In the fall of 1970, Sakharov joined with Valery Chalidze, a man with a sterling reputation in the dissident community, to form the Moscow Committee for Human Rights. Chalidze, who was married to the granddaughter of Maxim Litvinov, the prewar Jewish foreign minister of the Soviet Union, was a physicist turned legal expert. His ingenious strategy for challenging the regime was to remind it of its own laws. The way he saw it, the Soviet constitution granted all the rights the democrats were seeking. All the dissidents had to do was shame the state into abiding by its own governing document. The Committee for Human Rights was a small group set up to investigate and expose human and civil rights violations. It survived its initial months by claiming it wasn't an organization but simply "a creative association acting in accordance with the laws of the land." The KGB nevertheless began watching it closely. And so did ordinary citizens, who turned to the group as they might a legal aid society. Among the issues Chalidze took up was emigration. For him, it was not a matter of allowing Jews to go to Israel but of the Soviet Union respecting the United Nations' Universal Declaration of Human Rights, which allowed for freedom of movement. Sakharov himself often said that he saw freedom of movement as the most fundamental human right—if a citizen could freely leave his country, he could never be a slave. And there were also tactical reasons to fight for this right, as Chalidze made clear in his book
To Defend These Rights:
"Any mass restrictions of rights affecting Jews attracts the attention of 'world public opinion' since historically any form of restriction on the rights of Jews is a critical question for our civilization."

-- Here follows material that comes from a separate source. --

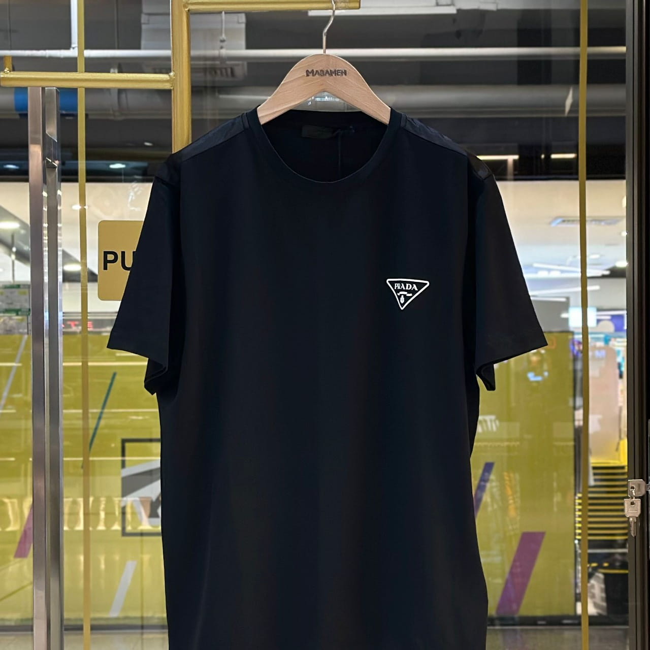 เสื้อยืดคอกลมแขนสั้น สำหรับผู้ชาย จากแบรนด์ Prada พิมพ์ลายโลโก้รูปทรงสามเหลี่ยมของแบรนด์ที่อกเสื้อ ตามแนวไหล่ตกแต่งด้วยผ้ายืด
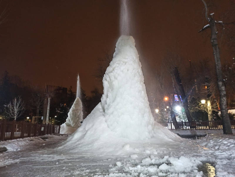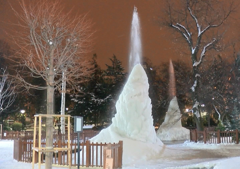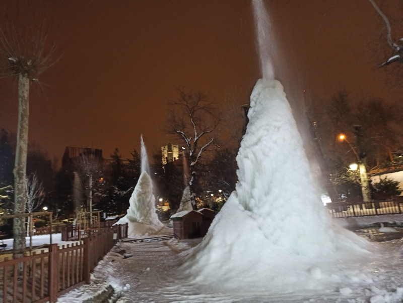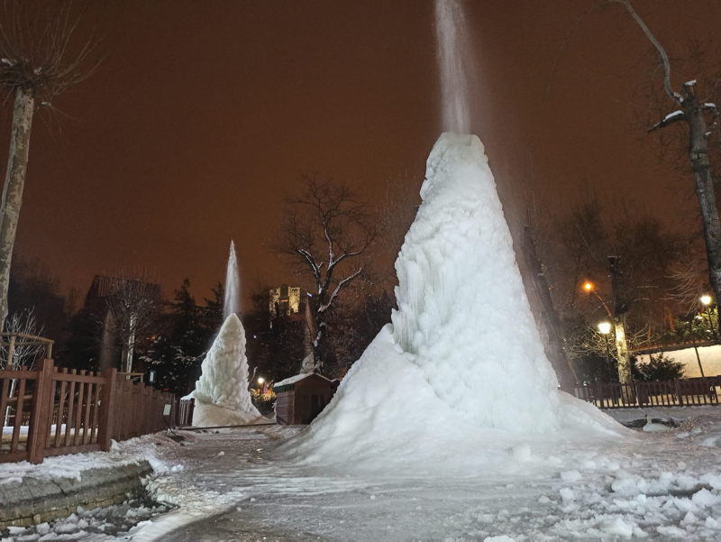 Gölde bulunan fıskiyelerden çıkan suların donmasıyla, boyları 3-4 metreyi bulan ve peri bacalarını andıran buz kütleleri oluştu.

In 1971, the year that the Committee for Human Rights did its most groundbreaking work, Chalidze took up the specific cases of a number of Jews. People like Jonah Kolchinsky, a nineteen-year-old from Kharkov who had been called up for military service after he announced his intention to emigrate to Israel. Chalidze went so far as to ask the minister of defense to have Kolchinsky demobilized. When it became known that Yosef Mendelevich, then in a prison camp in Mordvinia, was not being allowed to wear a yarmulke, Chalidze wrote to the minister of internal affairs asking that a prisoner's right of religion be respected in the camps.
The democrats had developed a good model. The idea of writing protest letters and petitions came directly from them. They were the first to realize that a letter passed to the West and read aloud over the BBC or the Voice of America was a sort of insurance policy. The Jewish activists took this method and expanded it, and in June of 1970, seventy-five refuseniks—including, for the first time, Vladimir and Masha Slepak—signed a letter addressed to U Thant. The message to the secretary-general was dramatic: "We sign this open appeal to you fully aware of the fact that if the Rights of Man are not implemented, humanity has no future." By February of 1971, there was a petition with two hundred names, and this time the emphasis was on the legal basis for their demand: "The right of Jews to emigrate to Israel is based on recognized international judicial norms and must not be hindered in the Soviet Union."
Also in 1970 there emerged a Moscow samizdat journal for the emigration movement that resembled
Khronika,
the democrats' successful endeavor. It wasn't the first. Yosef Mendelevich had managed to put together two issues of his journal
Iton
before he was arrested. But when all the Riga activists were locked up,
Iton
died. In Moscow, activist Victor Fedoseyev began assembling
Ishkod,
or
Exodus,
his own samizdat journal with a distinctly Moscow sensibility.
Iton
had tried to stimulate Jewish consciousness with articles about Israel and Jewish history;
Ishkod
was a documentary account of the movement itself. Like
Khronika,
it printed court transcripts and protest letters. In its third issue, released in the fall of 1970, there was an account of the June 15 search of Volodya Slepak's apartment. The fourth issue was devoted to the Leningrad trial and contained a reconstructed transcript of the proceedings. The shift in tone from
Iton
to
Ishkod
mirrored the change in the movement's character when its center moved to Moscow. The opening page of every issue contained the same two quotes. First, from the book of Psalms, were the words uttered by Sylva Zalmanson at the Leningrad trial: "If I forget thee, O Jerusalem, may my right hand wither." Next to this religious exhortation were the words of Article 13 of the United Nations' Universal Declaration of Human Rights: "Everyone has the right to leave any country, including his own."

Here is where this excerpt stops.